>>>
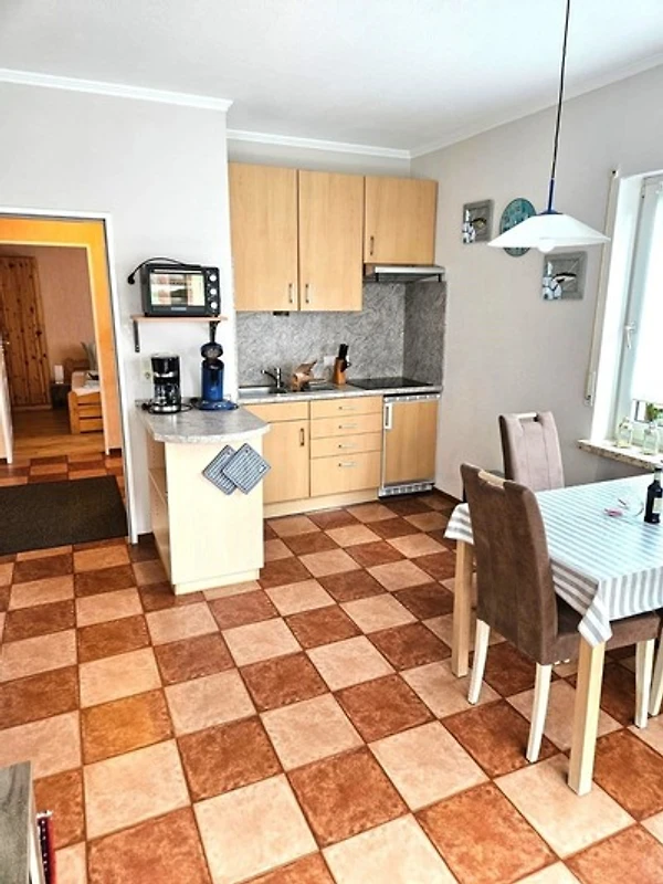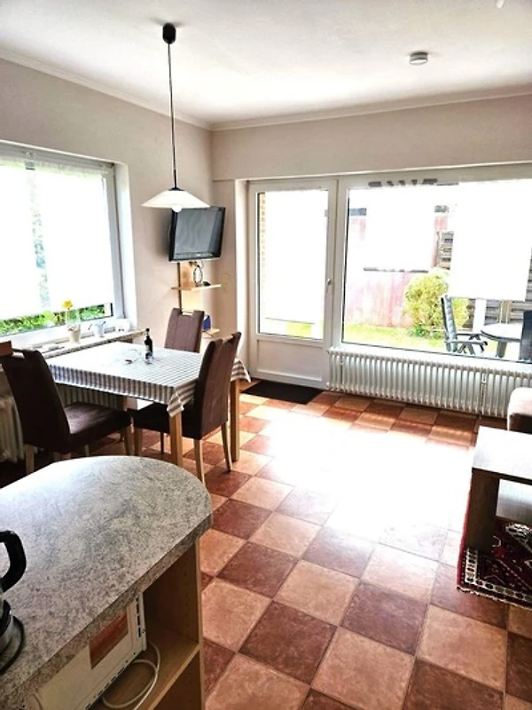 Diese modern eingerichtete Ferienwohnung bietet optimale Voraussetzungen für erholsame Tage. Der grosszügige Wohnbereich mit einem Sofa lädt zum Entspannen ein, während das Wohnschlafzimmer mit einem Doppelbett und einem Einzelbett komfortable Schlafmöglichkeiten bietet. Die offene Küche ist bestens ausgestattet mit Elektro-/Gasherd, Backofen, Mikrowelle, Kühlschrank, Kaffeemaschine, Espressomaschine, Gefriermöglichkeit, Toaster und Wasserkocher, sodass alle kulinarischen Wünsche erfüllt werden. Ein Esstisch sorgt für gesellige Stunden. Das Badezimmer überzeugt mit einer bodengleichen Dusche und einem Fenster, das für Tageslicht sorgt. Zur Unterhaltung steht eine HiFi-Anlage sowie ein TV zur Verfügung. Die Wohnung ist allergikergeeignet und verfügt über kostenfreies WLAN. Ein Parkplatz ist ebenfalls vorhanden. Zusätzliche Annehmlichkeiten wie Brettspiele, Garderobe und Wäscheständer runden das Angebot ab und machen den Aufenthalt besonders angenehm.
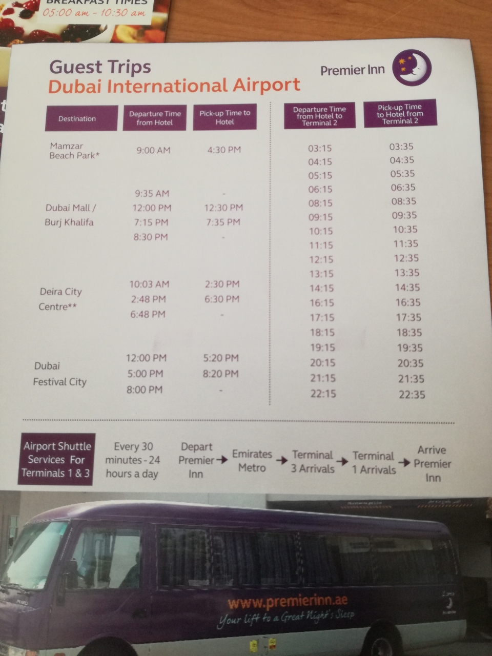 地下鉄の一日券は22AEDですので、それを買ってドバイモールやマリーナにアクセスできます。空港からはホテルの無料シャトルバスが出ているのでそれでホテルまで戻れます。
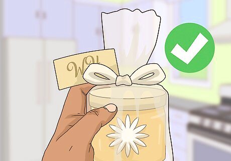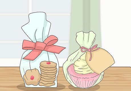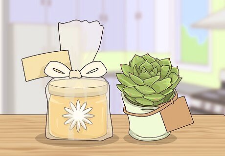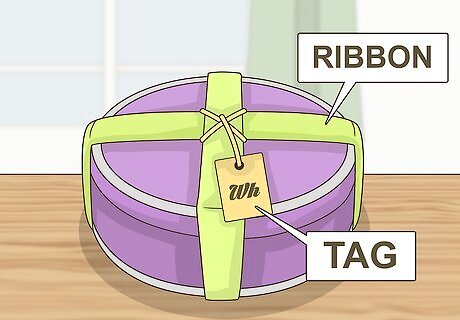 Add personal touches to the packaging. Inexpensive, personalized touches on your favors can go a long way, even on tightest budget. For example, a small tin of cookies with a personalized tag and bright ribbon will catch your guests' eyes and help them remember you when they reuse it. Easy ways to inexpensively personalize the packaging of your favors include: Colorful boxes or cellophane wrapping Ribbons Hand-written tags
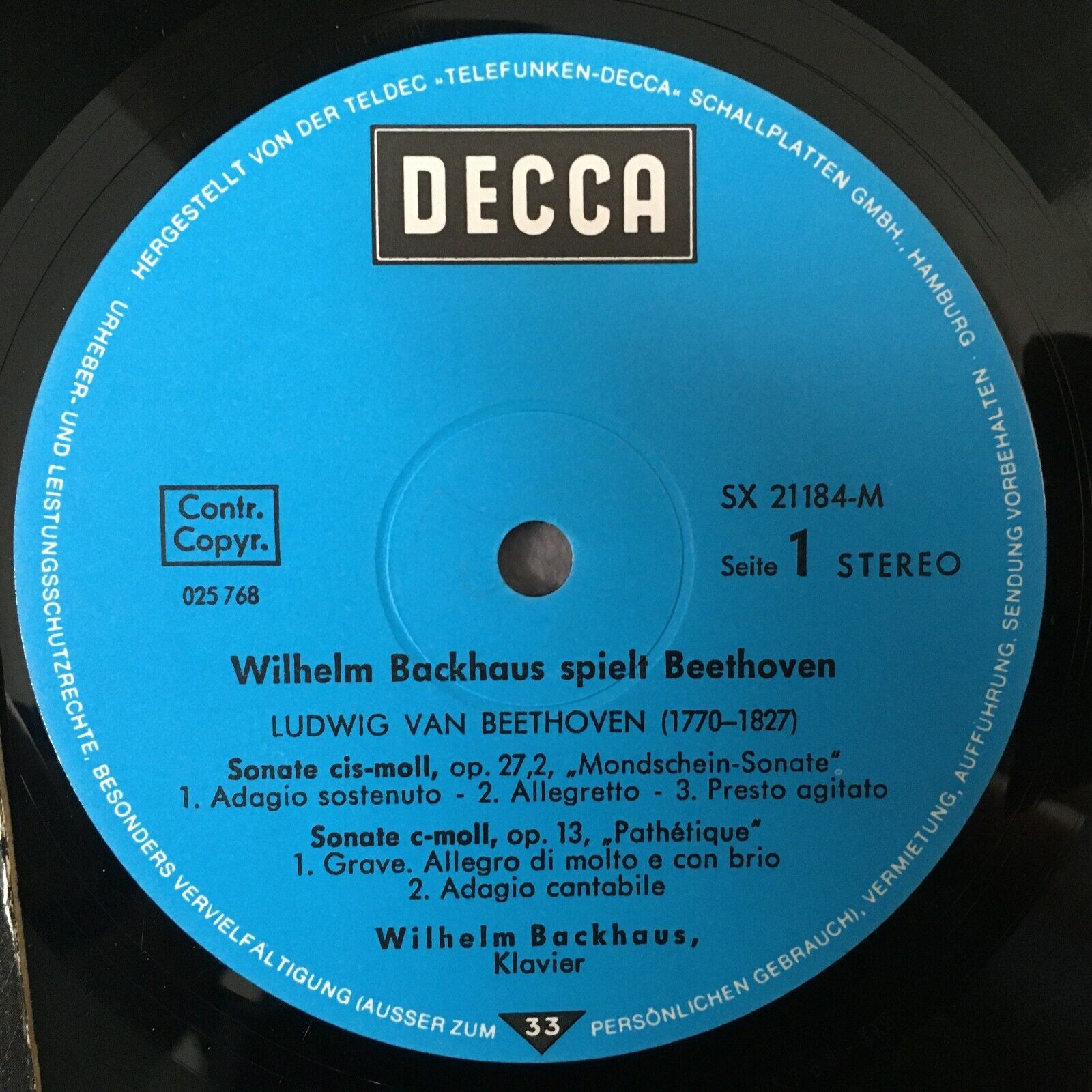 R976 Beethoven Sonatas Mondschein Appassionata Backhaus DECCA SX 21 184-M Stereo
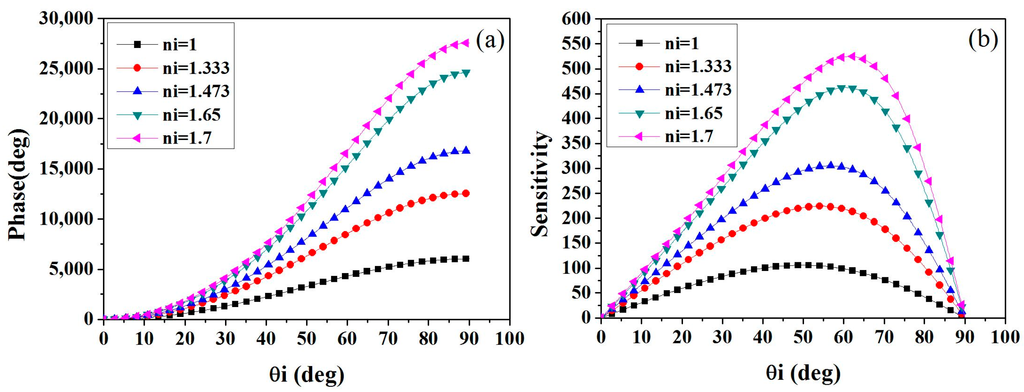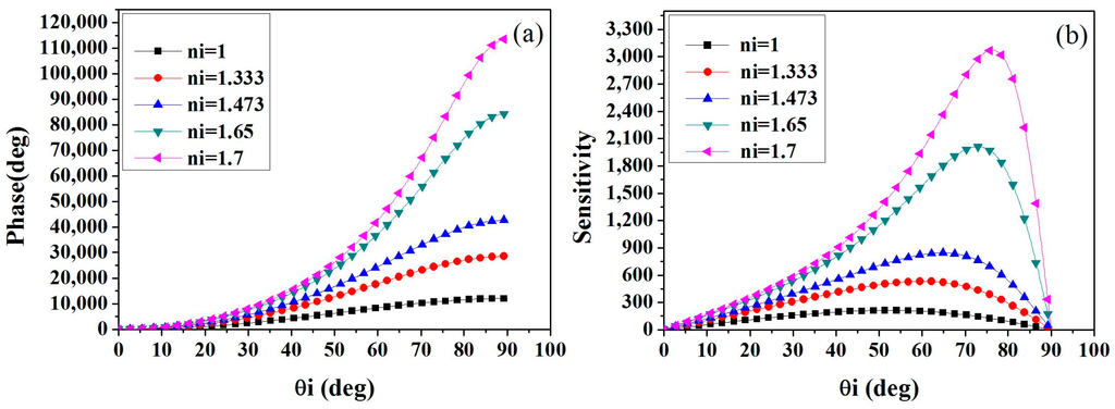 Simulations for KTP-OAS: (a) phase change vs. incident angle; and (b) sensitivity vs. angle for different refractive indices of environment.
<<<
What is needed:
What is needed is an exact copy of only the lines from the line containing "Add personal touches" through the last line of the entries, inclusive, without the pictures.

Reply to the task:
 Add personal touches to the packaging. Inexpensive, personalized touches on your favors can go a long way, even on tightest budget. For example, a small tin of cookies with a personalized tag and bright ribbon will catch your guests' eyes and help them remember you when they reuse it. Easy ways to inexpensively personalize the packaging of your favors include: Colorful boxes or cellophane wrapping Ribbons Hand-written tags
 R976 Beethoven Sonatas Mondschein Appassionata Backhaus DECCA SX 21 184-M Stereo
 Simulations for KTP-OAS: (a) phase change vs. incident angle; and (b) sensitivity vs. angle for different refractive indices of environment.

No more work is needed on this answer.